- PROMPT:
Only the lines from the one bearing "Maison Margiela sneakers" through the end of the listing belong in your response, restated word for word and without pictures.

** Opening GIVEN DATA block **

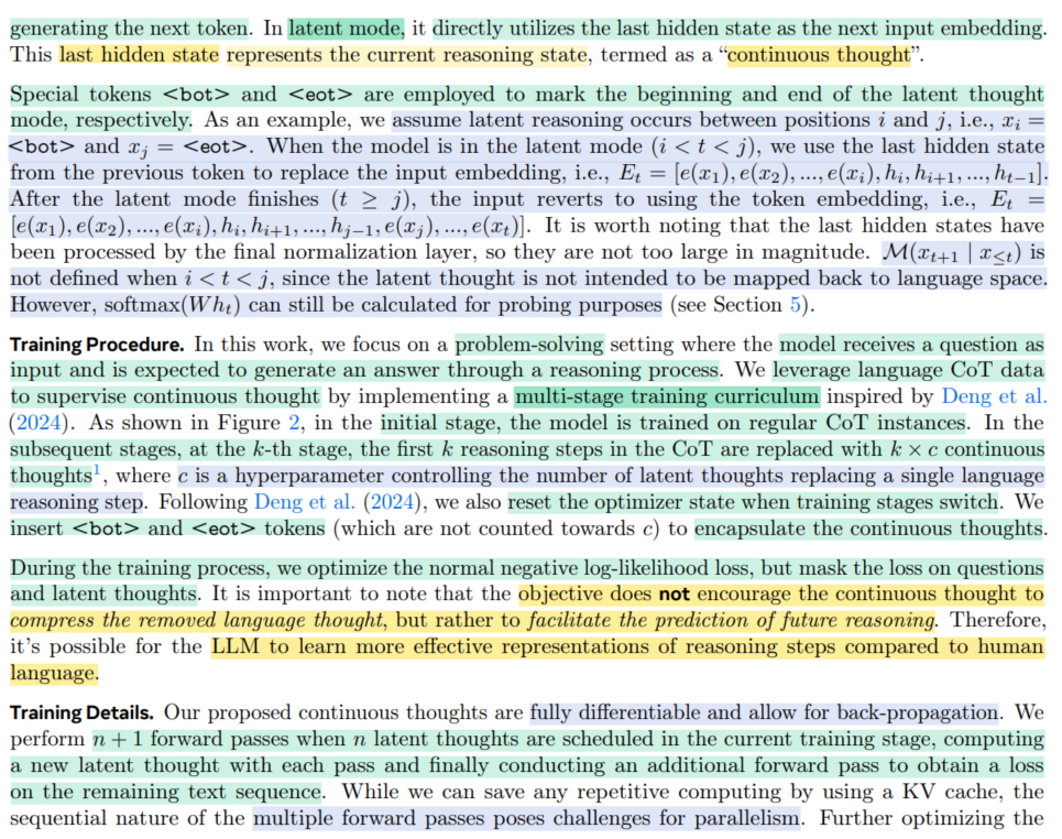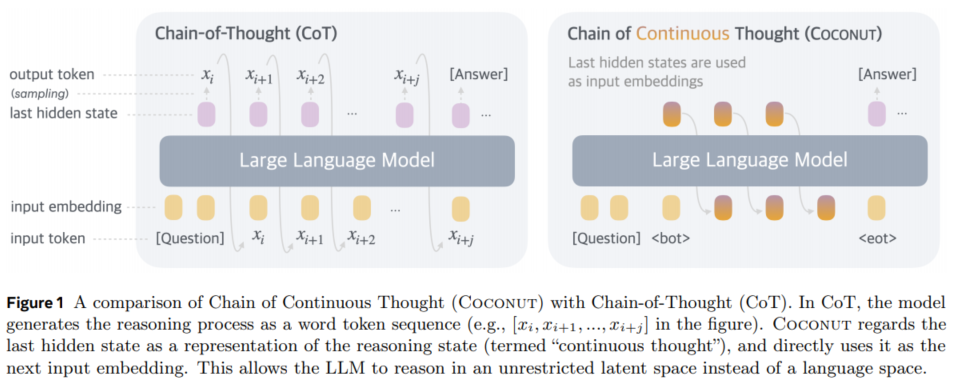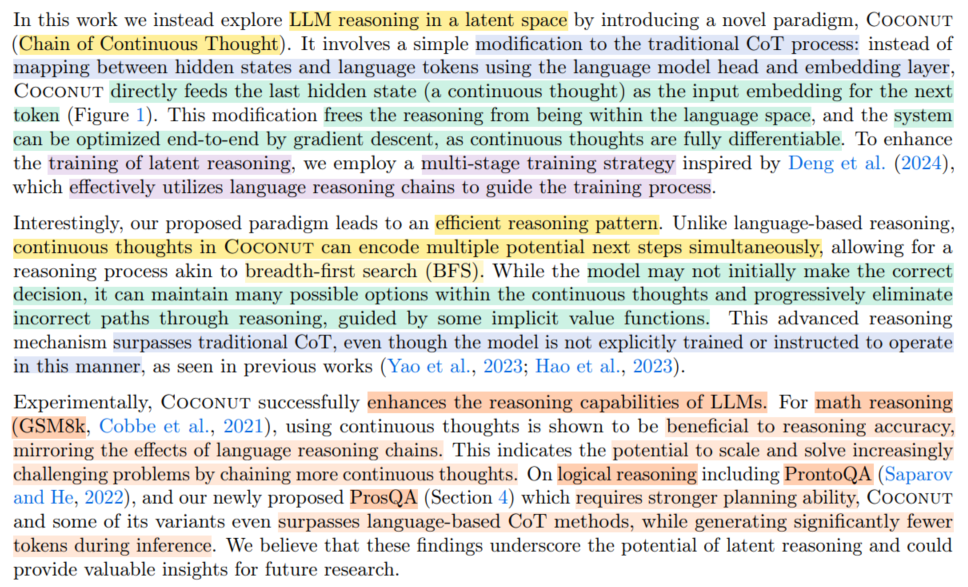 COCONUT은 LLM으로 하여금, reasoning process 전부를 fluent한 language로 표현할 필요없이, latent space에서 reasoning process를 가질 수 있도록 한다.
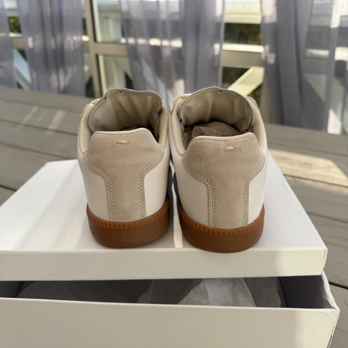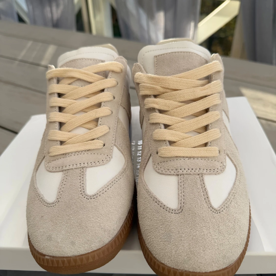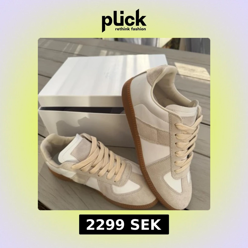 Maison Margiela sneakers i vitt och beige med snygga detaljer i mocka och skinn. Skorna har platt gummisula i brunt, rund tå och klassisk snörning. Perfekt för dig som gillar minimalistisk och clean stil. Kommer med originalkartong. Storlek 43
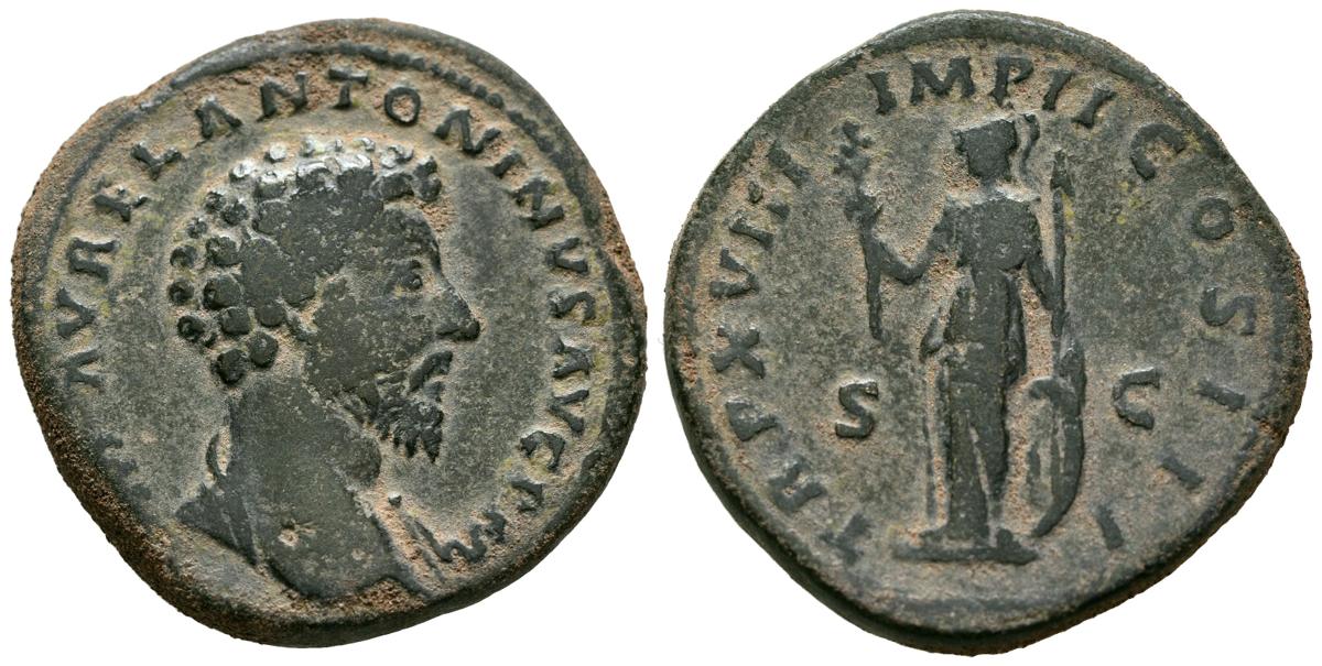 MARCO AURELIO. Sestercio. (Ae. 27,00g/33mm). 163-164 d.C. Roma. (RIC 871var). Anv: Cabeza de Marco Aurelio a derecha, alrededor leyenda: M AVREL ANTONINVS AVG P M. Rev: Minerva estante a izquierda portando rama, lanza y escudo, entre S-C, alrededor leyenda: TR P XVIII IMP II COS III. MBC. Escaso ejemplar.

** Closing GIVEN DATA block **

- EXERCISE RESPONSE:
 Maison Margiela sneakers i vitt och beige med snygga detaljer i mocka och skinn. Skorna har platt gummisula i brunt, rund tå och klassisk snörning. Perfekt för dig som gillar minimalistisk och clean stil. Kommer med originalkartong. Storlek 43
 MARCO AURELIO. Sestercio. (Ae. 27,00g/33mm). 163-164 d.C. Roma. (RIC 871var). Anv: Cabeza de Marco Aurelio a derecha, alrededor leyenda: M AVREL ANTONINVS AVG P M. Rev: Minerva estante a izquierda portando rama, lanza y escudo, entre S-C, alrededor leyenda: TR P XVIII IMP II COS III. MBC. Escaso ejemplar.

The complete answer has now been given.